**WHAT NEEDS TO BE DONE**. Give back every line of the data exactly. Pictures are not part of the copy.
Top of COLLECTED DATA
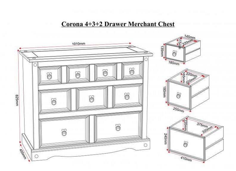 Corona 4+3+2 Chest-W 101 x D 45.5 x H 82.5 cm
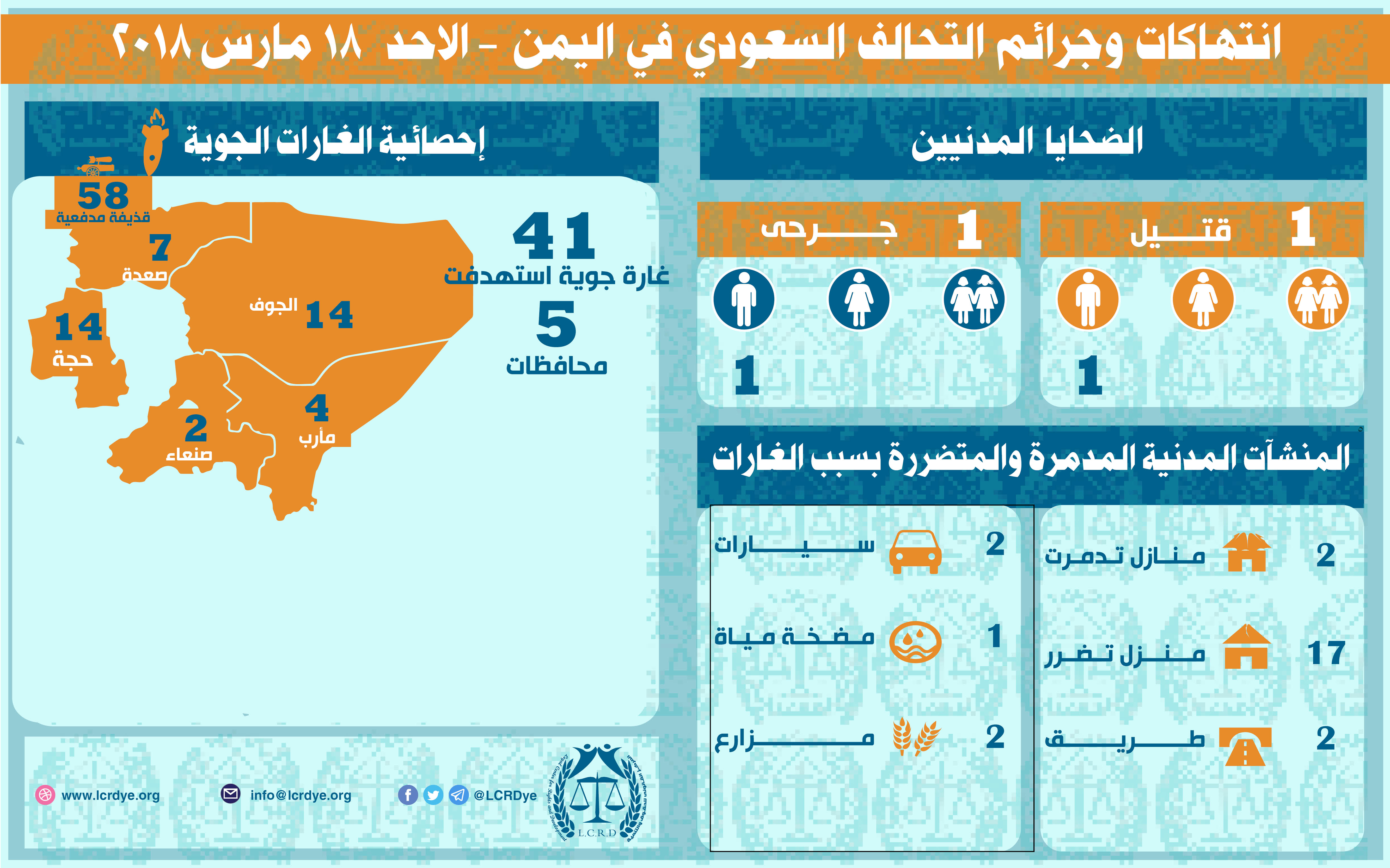 انتهاكات التحالف السعودي في اليمن 18 مارس 2018 Last updated مارس 19, 2018 للتحميل https://www.lcrdye.org/wp-content/uploads/2018/03/18-3-2018-1.pdf Share FacebookTwitterGoogle+ReddItWhatsAppPinterestالبريد الإلكتروني
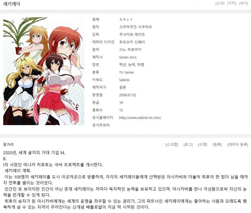 [세키레이 1기 무수정판 완결(총12화) ova포함] 한글자막.HD720p
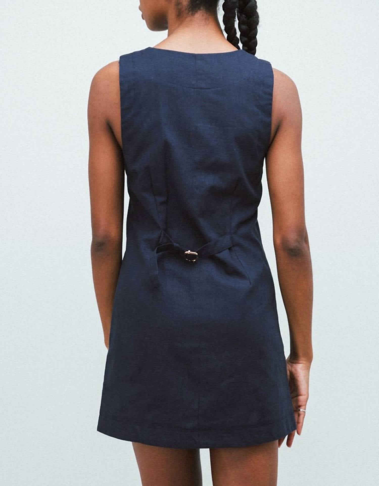 A short and breezy dress for those warmer days. Introducing the Button-front Dress by OLIVACEOUS, a chic navy dress perfect for minimalist styling. This sleeveless, bra-friendly shift dress is crafted from a high-quality linen blend and features a button closure with functional tortoise buttons. The mini-length silhouette includes practical front pockets and an adjustable gold belt buckle at the back to tailor the waist fit. Care instructions recommend hand washing and laying flat to dry, ensuring longevity for your spring wardrobe.
Bottom of COLLECTED DATA
**RESPONSE TO THIS TASK**.
 Corona 4+3+2 Chest-W 101 x D 45.5 x H 82.5 cm
 انتهاكات التحالف السعودي في اليمن 18 مارس 2018 Last updated مارس 19, 2018 للتحميل https://www.lcrdye.org/wp-content/uploads/2018/03/18-3-2018-1.pdf Share FacebookTwitterGoogle+ReddItWhatsAppPinterestالبريد الإلكتروني
 [세키레이 1기 무수정판 완결(총12화) ova포함] 한글자막.HD720p
 A short and breezy dress for those warmer days. Introducing the Button-front Dress by OLIVACEOUS, a chic navy dress perfect for minimalist styling. This sleeveless, bra-friendly shift dress is crafted from a high-quality linen blend and features a button closure with functional tortoise buttons. The mini-length silhouette includes practical front pockets and an adjustable gold belt buckle at the back to tailor the waist fit. Care instructions recommend hand washing and laying flat to dry, ensuring longevity for your spring wardrobe.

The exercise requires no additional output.